Run the test suite if you want a quick local smoke check:

python -m pytest

Run the checked-in DEFRA/DESNZ fixture through the local dry-run CLI:

carbonops-parser local-dry-run \
  --local-path examples/fixtures/defra_desnz_minimal.csv \
  --source-family defra_desnz \
  --source-id defra-desnz-minimal-fixture \
  --content-type text/csv \
  --format-hint csv

Expected summary:

status=success
parsed_record_count=2
normalization_record_count=2
persistence_input_record_count=2
ddl_preview_present=True
issue_count=0

Run the JSON variant:

carbonops-parser local-dry-run \
  --local-path examples/fixtures/defra_desnz_minimal.csv \
  --source-family defra_desnz \
  --source-id defra-desnz-minimal-fixture \
  --content-type text/csv \
  --format-hint csv \
  --json

Key output fields:

  • status: dry-run outcome such as success, failed, unsupported, or no_records
  • parsed_record_count: records parsed by the minimal local DEFRA/DESNZ fixture parser
  • normalization_record_count: records produced by the minimal fixture normalization mapper
  • persistence_input_record_count: records prepared as PersistenceInput
  • ddl_preview_present: whether review-only PostgreSQL DDL preview text is attached
  • issues: structured local loader, parser, normalization, or persistence-input issues

Optionally include PostgreSQL insert preview data in text output:

carbonops-parser local-dry-run \
  --local-path examples/fixtures/defra_desnz_minimal.csv \
  --source-family defra_desnz \
  --source-id defra-desnz-minimal-fixture \
  --content-type text/csv \
  --format-hint csv \
  --include-postgresql-preview

Trimmed expected preview lines:

postgresql_preview_included=True
postgresql_preview_status=ready
postgresql_preview_only=True
postgresql_preview_sql_execution=False
postgresql_preview_database_connection=False
postgresql_preview_target_table=normalized_records
postgresql_preview_record_count=2
postgresql_preview_sql=INSERT INTO normalized_records (source_family, source_id, record_id, record_index, row_number, normalized_fields, source_reference, source_artifact_reference, source_checksum_sha256, parser_metadata, normalization_metadata, created_at, updated_at) VALUES (%s, %s, %s, %s, %s, %s, %s, %s, %s, %s, %s, %s, %s)
postgresql_preview_issue_count=0

Run the JSON PostgreSQL preview variant:

carbonops-parser local-dry-run \
  --local-path examples/fixtures/defra_desnz_minimal.csv \
  --source-family defra_desnz \
  --source-id defra-desnz-minimal-fixture \
  --content-type text/csv \
  --format-hint csv \
  --json \
  --include-postgresql-preview

Trimmed expected JSON preview section:

{
  "postgresql_persistence_preview": {
    "included": true,
    "preview_only": true,
    "sql_execution": false,
    "database_connection": false,
    "status": "ready",
    "target_table": "normalized_records",
    "record_count": 2,
    "ordered_columns": [
      "source_family",
      "source_id",
      "record_id",
      "record_index",
      "row_number",
      "normalized_fields",
      "source_reference",
      "source_artifact_reference",
      "source_checksum_sha256",
      "parser_metadata",
      "normalization_metadata",
      "created_at",
      "updated_at"
    ],
    "idempotency_key_fields": [
      "source_family",
      "source_id",
      "record_id",
      "source_artifact_reference",
      "source_checksum_sha256"
    ],
    "issues": []
  }
}

The postgresql_persistence_preview section is preview-only. It includes the target table, ordered columns, parameter rows, record count, SQL text with placeholders, and idempotency metadata, but it does not execute SQL or persist records. No PostgreSQL server, database configuration, or credentials are required.

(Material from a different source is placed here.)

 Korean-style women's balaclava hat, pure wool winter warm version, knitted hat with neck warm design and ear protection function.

This quickstart is local dry-run only. It does not connect to PostgreSQL, write records, execute SQL, run migrations, perform network calls, trigger source acquisition, load config files, or require credentials. It does not make production DEFRA/DESNZ correctness claims.

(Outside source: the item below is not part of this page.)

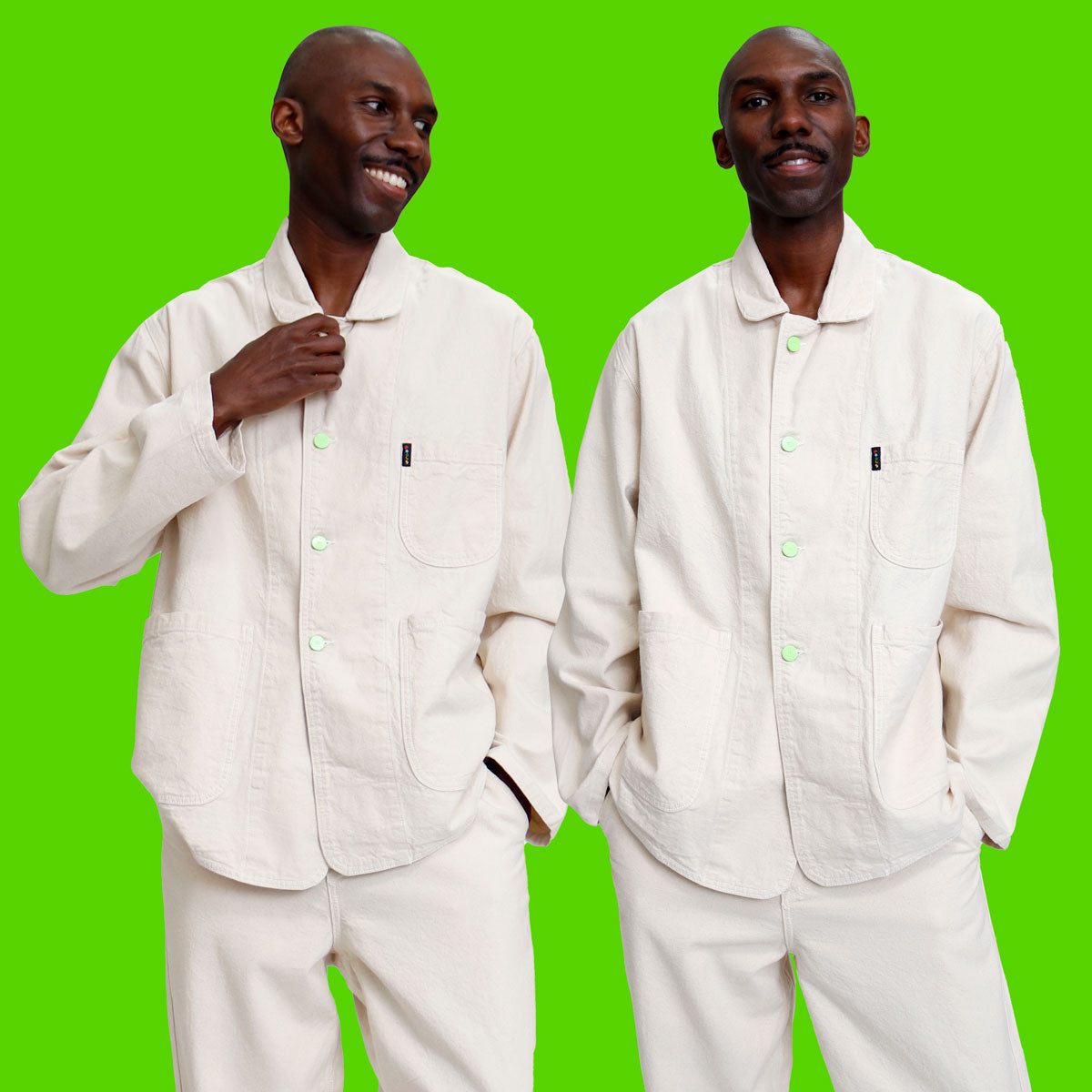 Hearty canvas jacket. Oversized cut. If you would like a more fitted look, order a size down.. Big pockets for sandwiches. Soft-washed un-dyed cotton.

Production Operator Command

The supported Python production entrypoint is:

carbonops-parser run-ingestion \
  --config /etc/carbonops-parser/ingestion.production.json \
  --cycles 1

Before running it, operators must provide explicit CARBONOPS_POSTGRESQL_* environment values, including the password through an external secret boundary, and validate the config:

carbonops-parser validate-ingestion-config \
  --config /etc/carbonops-parser/ingestion.production.json \
  --cycles 1

See Production Packaging And Operator Runbook for install, configuration, PostgreSQL readiness, cron scheduling, verification SQL, rerun/idempotency checks, and troubleshooting.

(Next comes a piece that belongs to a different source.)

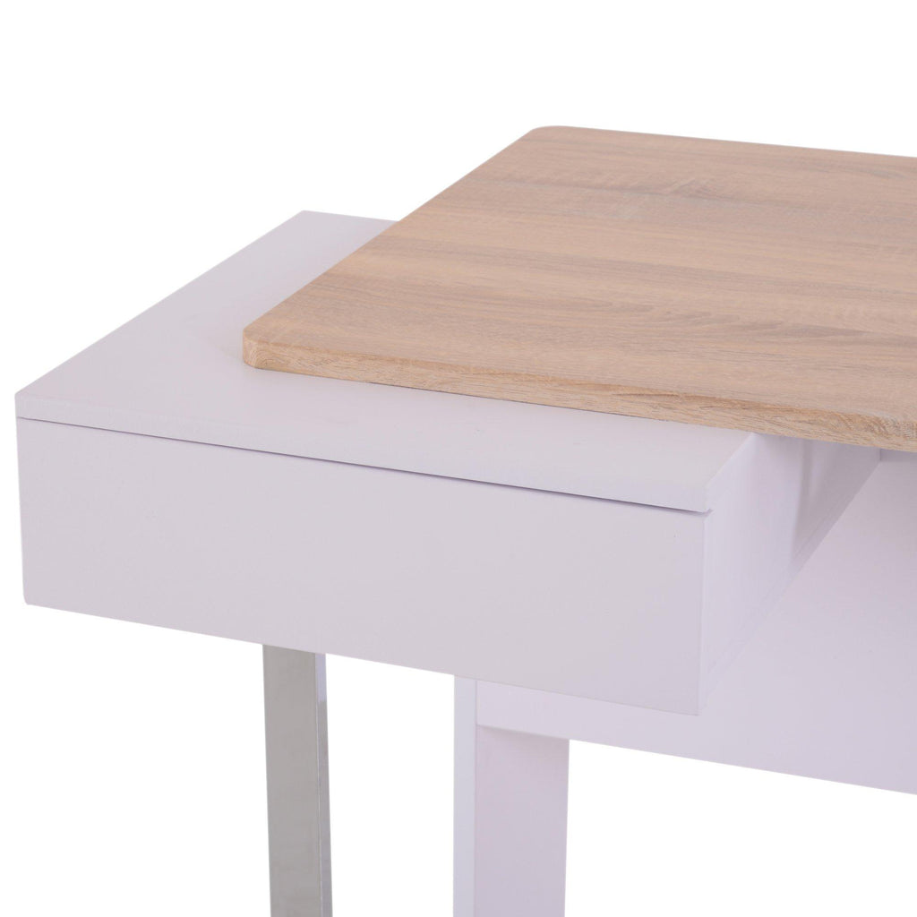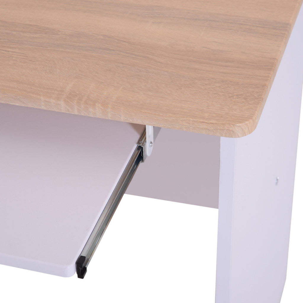 Bureau avec étagère pour clavier en bois blanc et chêne 130x70x75,5 cm

This is the supported Python runtime production operator path. Project-level production-ready is limited to the scope in Final Project Production-Ready Verdict and Production Parity Contract.

For boundary details, see Local Dry-Run CLI Boundary, Local File Normalized Persistence Dry-Run Boundary, PostgreSQL Persistence Preview Boundary, and Local Dry-Run Troubleshooting.

To run the packaged Python ingestion cycle against local Docker PostgreSQL with the three checked-in source fixture families, see Python Ingestion Local Runbook.

Developer Tests

Run the lightweight Python test suite from the repository root:

python -m pytest

Pytest configuration is kept in pyproject.toml, including the src package import path used by the tests.

Public API Examples

The carbonfactor_parser.source_adapters package exposes source adapter contracts and lightweight helpers for tests, prototypes, and implementation slices.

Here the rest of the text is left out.